The characterisation throughout is complex and very thoughtful; surprisingly fluid in approach to how good a light in which people are shown. Some characters who initially come across as cold or unfeeling turn out to be lucid and sympathetic, some who initially seem sympathetic, fun and worth chasing turn out to essentially be rotten, and some who should be heroes are riven with flaws that actually accentuate or cause their heroic acts. There is a feeling that those who try to live as heroes are destined to fail by comparison to those who tried to live well and occasionally acted heroically. People who are convinced of destiny are weaker than those who shape it.
And the descriptions of Mars: Often wonderful, sometimes a little tedious, always utterly convincing. Such is the power of KSR’s descriptions here, it sometimes comes as a fun sort of a shock when you put the book down and remember that none of it is like that in reality. Doubtless, the landscape of Mars will bear strong resemblances to what is written here; KSR clearly does his homework. But it is someone frustrating that Mars doesn’t exist as it does by the end of Blue Mars, with its integrating biosphere and beautiful locales that I will most likely never see. Through his characters, Robinson takes us on huge, sweeping journeys throughout Mars (and at points, various other parts of the solar system), to the extent you really feel you know the place. To my amusement, I was reading an article on some new discovery on Mars recently, only to find that I recognised the name of one of the places described. It had been turned into a small sea across which two of the characters had recently sailed in Blue Mars! Such was the clarity of the image Robinson created, the first thing I thought of was a coastal bay, rather than the bone-dry world-desert of reality.

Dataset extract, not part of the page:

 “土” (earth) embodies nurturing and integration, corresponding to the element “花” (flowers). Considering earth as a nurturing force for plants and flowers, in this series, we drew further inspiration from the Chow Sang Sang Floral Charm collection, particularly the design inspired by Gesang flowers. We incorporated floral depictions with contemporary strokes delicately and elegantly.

One of the truly inspired touches across these three books is the way in which the planet reflects, and is reflected by, characters. The passion of life through Hiroko, the relentless scientific charge and its consequent universal transformation (perhaps transcendence) through Sax, the stark beauty of the world without Man in Ann and the inexorable productions of humankind in Nadia. Michel brings with him all the yearning and pain of home, Nirgal the spirit of Mars, wandering from event to event across the planet’s surface, lost in the infinite. The most arresting of these contrasts, however, is between Sax and Ann, a world apart, walking the same Martian earth, or Terran Mars, depending on whose perspective you are shown. They possess rival visions of paradise; one untouched, one perfected, and their conflict throughout the three books is often almost musical in its symmetry. Sure, Ann becomes a little tiresome in Green Mars, but overall, these two characters as voice-pieces for the two directions in time, both stemming from John Boone’s first steps on Mars, are fascinating to observe.
The environment also extends into the politics and psychology of the characters and the new Martian society (and later the greater civilisation throughout the solar system), as does a longevity treatment capable of letting people live well into their third century. I won’t get into all that here, as I found it very rewarding exploring these themes personally, and much of it was treated in surprising, and surprisingly intricate and innovative ways.

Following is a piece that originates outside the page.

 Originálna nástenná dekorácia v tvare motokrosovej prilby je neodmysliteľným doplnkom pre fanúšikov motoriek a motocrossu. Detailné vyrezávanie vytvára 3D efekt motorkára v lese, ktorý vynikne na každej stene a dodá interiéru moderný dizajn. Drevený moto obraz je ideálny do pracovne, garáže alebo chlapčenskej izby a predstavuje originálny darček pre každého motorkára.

Overall, I came away extremely impressed by the Mars trilogy. As I’ve said, parts of it did get a little frustrating; out of the whole thing (around 2200 pages I suspect), I reckon a couple of hundred are a little aimless, but even then, this is by design. The parts that feel aimless are in fact due to the character the story is focusing on being aimless at that time. These characters are human. There is no hero’s journey here; at least not a traditional one. They falter. They get lost. They get confused. They get things wrong. They get themselves wrong.
The colonisation and terraforming of Mars throughout these books is a human process, meaning it is messy, only vaguely guided by fractious and capricious humans, who occasionally utterly lose control and find, through momentary lack of control, new ways of reacting and planning and sometimes they reach a sanguine realisation that life is not control and wisdom is not knowledge (or memory); it is experience and a will to peace tempered by the ultimate acceptance of its lack of likelihood. It is the awareness that the moment, if it is good, must be savoured, and if it is bad, it will not abide. It is coming to peace with the truth that, whatever you construct, however much willpower you put into the world, the process of the world will take the briefest glance, if any at all, and construct itself in an unrecognisable image anyway. And so, the human Mars is made, through the fractal guided chaos of humanity.

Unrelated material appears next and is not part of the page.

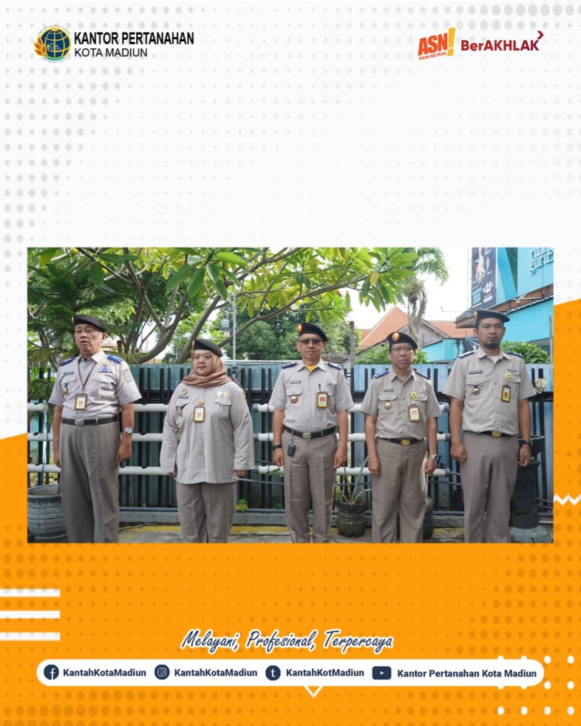Hari ini Selasa (22/04/2025) Kantor Pertanahan Kota Madiun melaksanakan Apel Pagi yang bertempat di Halaman Depan Kantor Pertanahan Kota Madiun. Yang bertindak sebagai Pembina Upacara, Kepala Kantor Pertanahan Kota Madiun, Bapak Triawan Saleh, S.T., M.Si. dan diikuti oleh seluruh Pejabat Pengawas dan Jajaran Kantor Pertanahan Kota Madiun.

Frankly, I never expected to see these sorts of themes and messages coming from the pages of a heavily technical trilogy of books ultimately about the terraforming and colonisation of the red, freezing dustball next door. The further into the books I got, the more engrossed I became, and the process of exploration of this world Robinson creates became immersive, engaging and fascinating in a very immediate way.
These books are an achievement. In years to come, when human feet walk Mars, Kim Stanley Robinson deserves a place in the pantheon of those whose imaginations helped us get there, alongside Arthur C Clarke, Isaac Asimov and HG Wells. Magnificent.